- Born: February 13, 1915 Cambridge, Massachusetts, U.S.
- Died: October 4, 1991 (aged 76) Hancock, Maine, U.S.
- Occupation: Law professor
- Title: Algernon Sydney Biddle Professor of Law
- Board member of: Fellow of the Royal Historical Society; President of the American Society for Legal History;
- Parent(s): Charles Homer Haskins and Clare (Allen) Haskins
- Awards: Guggenheim Fellow; Army Commendation Medal with oak leaf clusters; George Medal;

Academic background
- Alma mater: Harvard University (AB, JD); Merton College, Oxford;

Academic work
- Institutions: University of Pennsylvania Law School

= George Haskins =

American legal academic

George Lee Haskins RHS (February 13, 1915 – October 4, 1991) was an American legal scholar and the Algernon Sydney Biddle Professor of Law at the University of Pennsylvania Law School.

==Biography==

Haskins was the son of medievalist Charles Homer Haskins, Dean of the College of Arts and Sciences at Harvard University. He was born and grew up in Cambridge, Massachusetts.

He was a graduate of Phillips Exeter Academy (1931), Harvard University (AB, summa cum laude, 1935), and Harvard Law School (Juris Doctor, 1942). Haskins was a Guggenheim Fellow, and was a Henry Fellow at Merton College of Oxford University. He enlisted during World War 2, and rose to become a major in military intelligence in the War Department General Staff, receiving the Army Commendation Medal with oak leaf clusters and—from the British government—the George Medal.

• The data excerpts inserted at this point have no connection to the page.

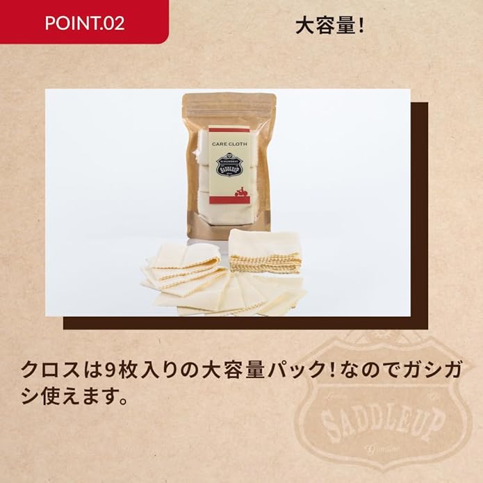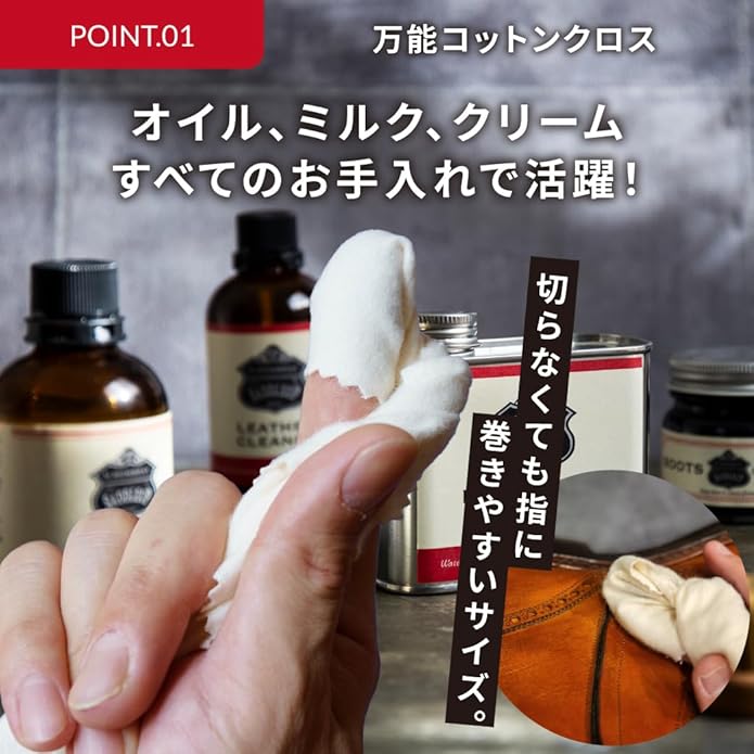 革靴、ブーツ、レザージャケット、グローブ、バッグ、財布などの革製品の汚れ落し、磨き上げ、ツヤだし、乾拭きなどオールマイティに使用できるクロスです。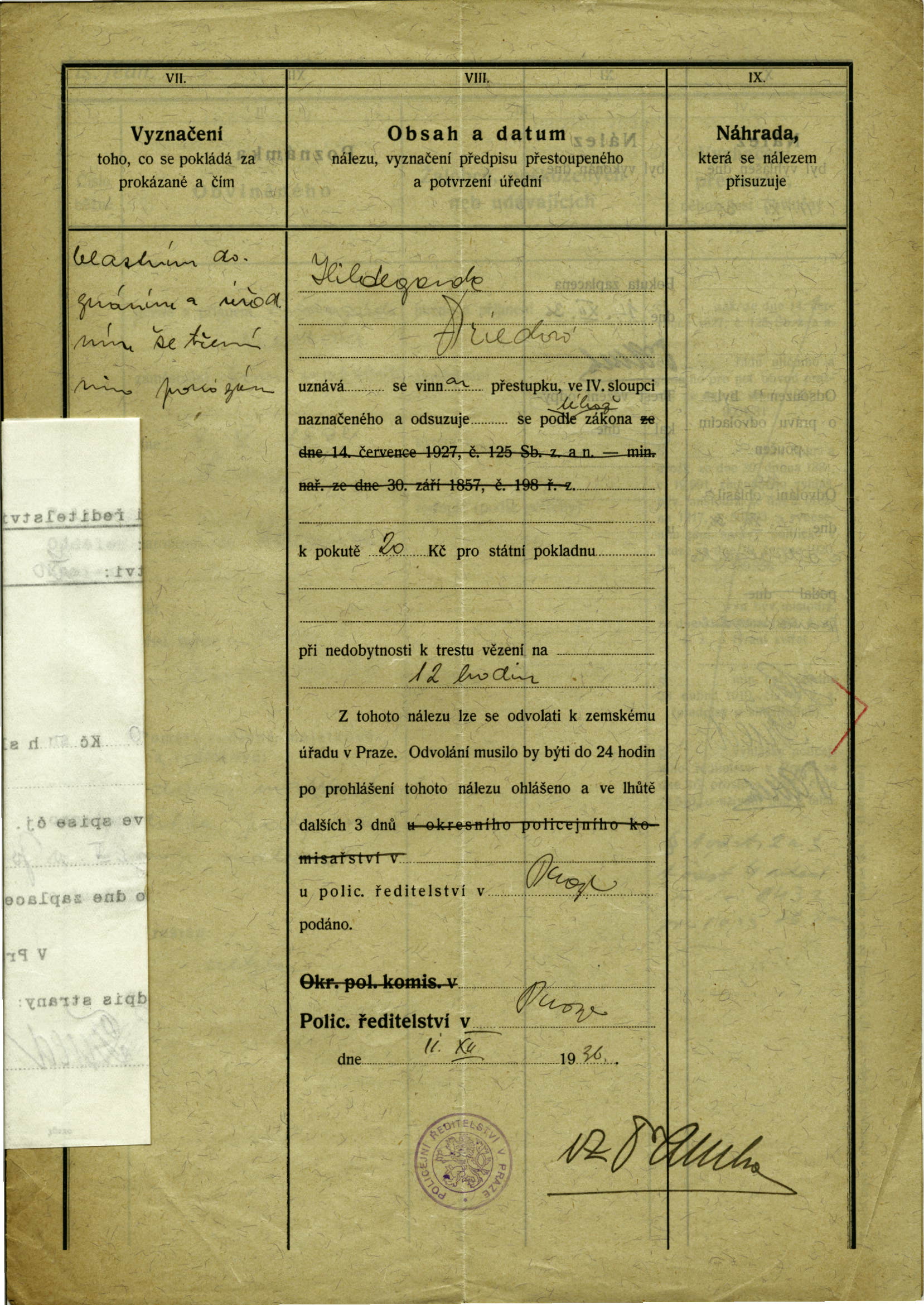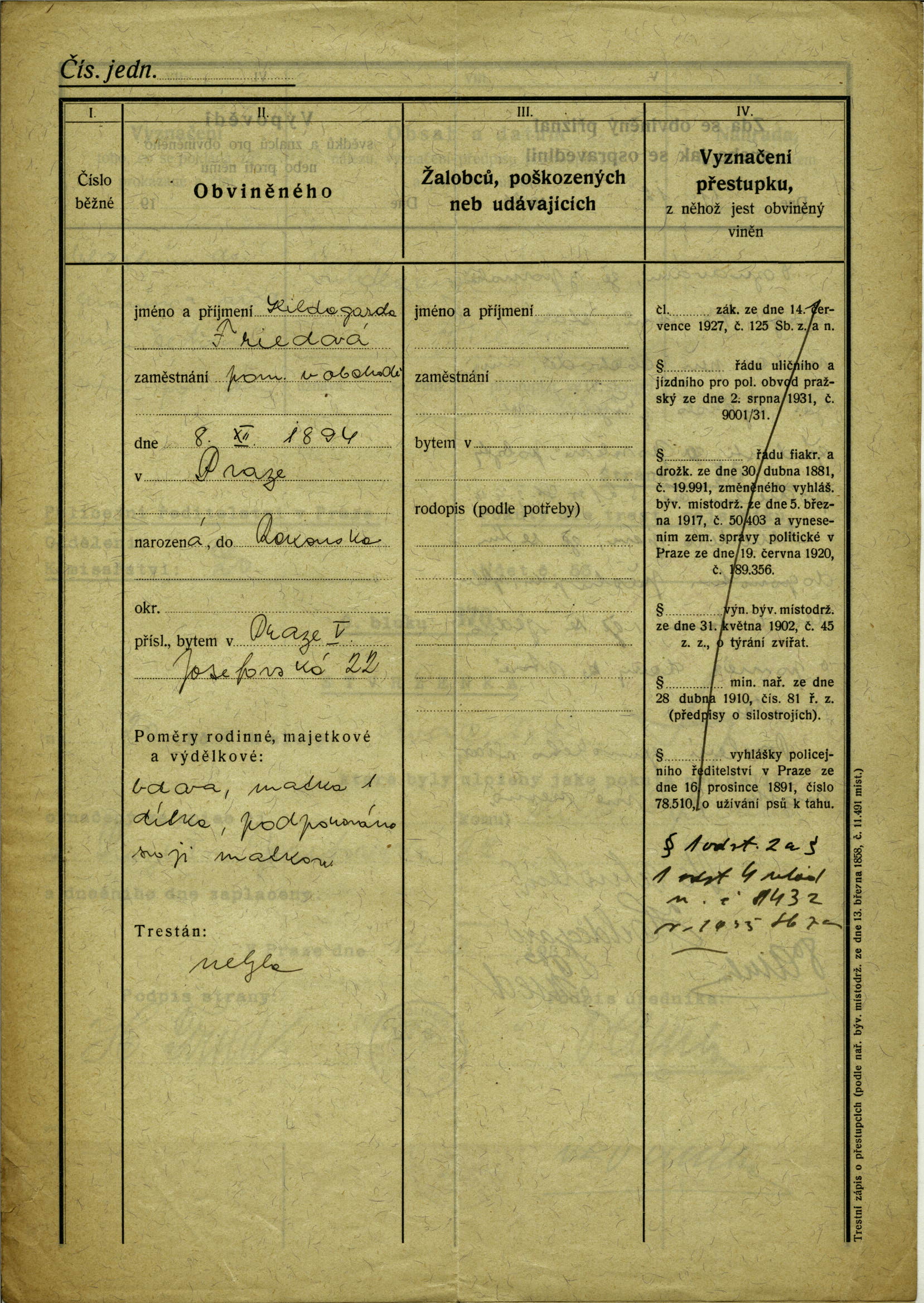 National archives Prague > Police Directorate Prague > 1941-1950 > F > Friedová Hildegard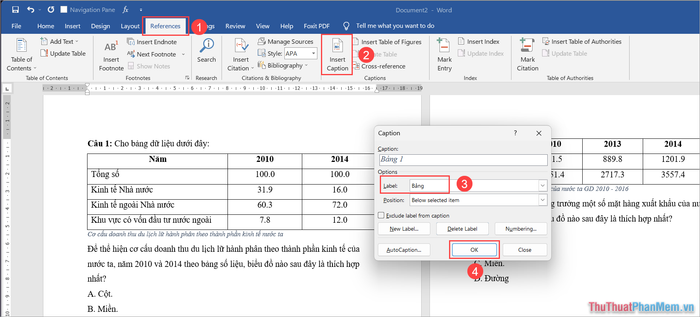 - Sequentially choose References (1) → Insert Caption (2) → Label (3) → OK (4).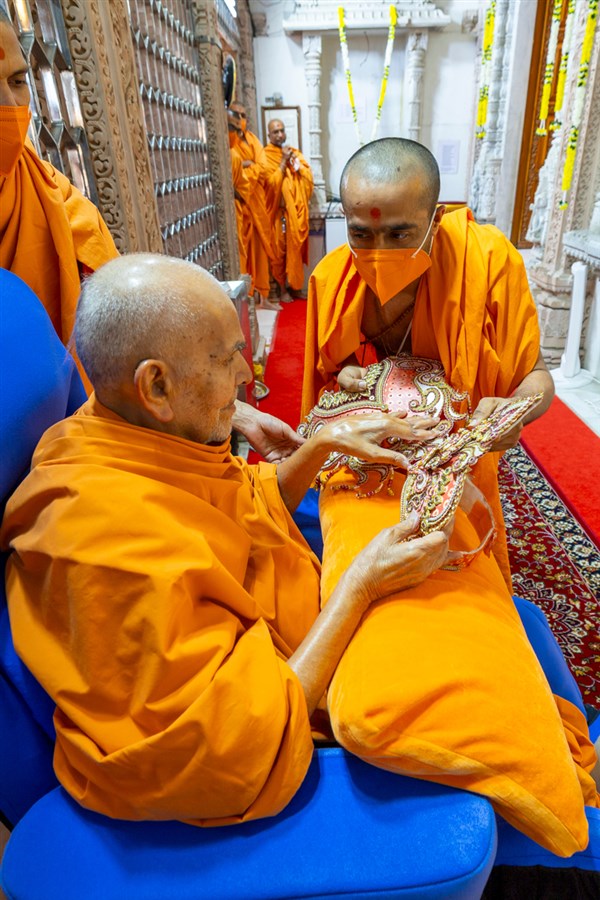 Swamishri observes garments (vagha) for Thakorji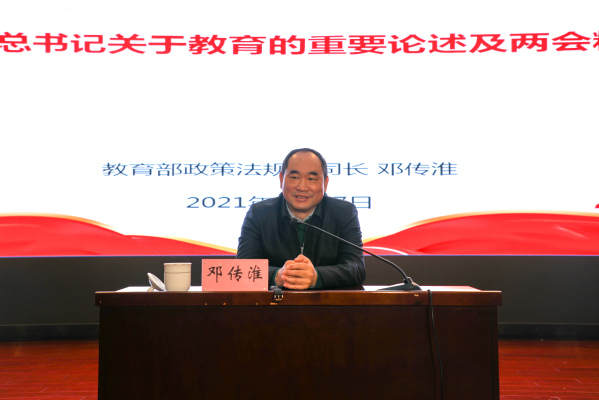 4月27日,我校在北校區會議中心報告廳召開校黨委理論學習中心組(擴大)會議,邀請教育部政策法規司司長鄧傳淮作習近平總書記關于教育的重要論述及兩會精神專題報告。報告會由校黨委書記陳志堅主持。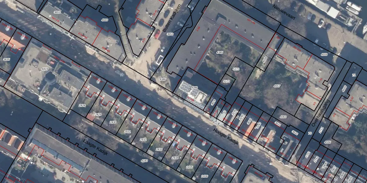 Hoogte Kadijk 71-E is gelegen op kadastraal perceel ASD11O4348. Deze kadastrale aanduiding is uniek en wordt gebruikt door het Kadaster om eigendomsrechten en andere zakelijke rechten vast te leggen. Het perceel maakt onderdeel uit van de kadastrale gemeente Amsterdam.
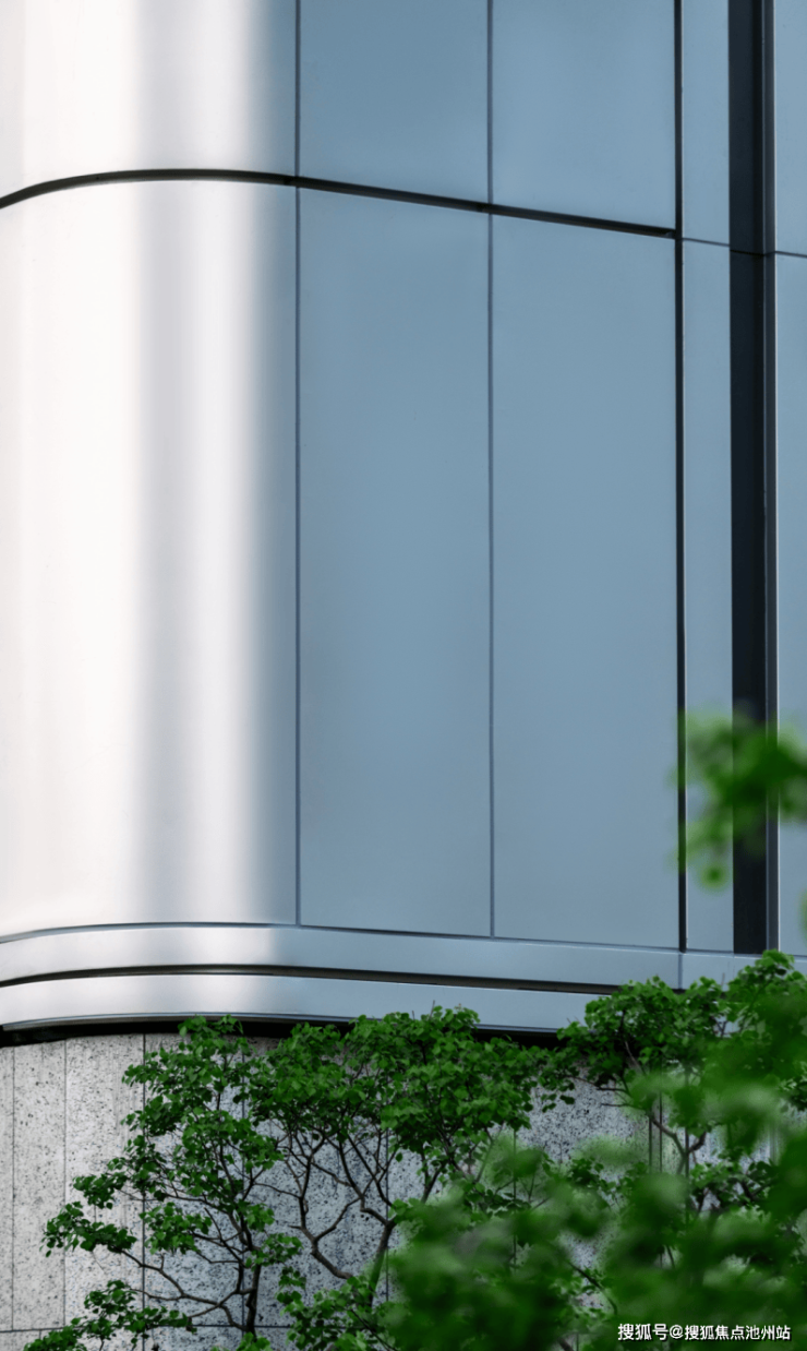洋房建筑立面运用曲面屏结合高级灰玻璃,勾勒出如湖波流转的现代线条。超大玻璃幕墙占比,270°环幕视界,引景入室,南北立面均选用高品质蜂窝铝板,实现四面皆景,历久弥新。

Haskins was the Algernon Sydney Biddle Professor of Law at the University of Pennsylvania Law School, the oldest of the endowed chairs at the law school. He taught at the law school for 39 years.

He wrote at least ten books and 82 articles. Haskins was a Fellow of the Royal Historical Society, and President of the American Society for Legal History. He died on October 4, 1991, at his home in Hancock, Maine.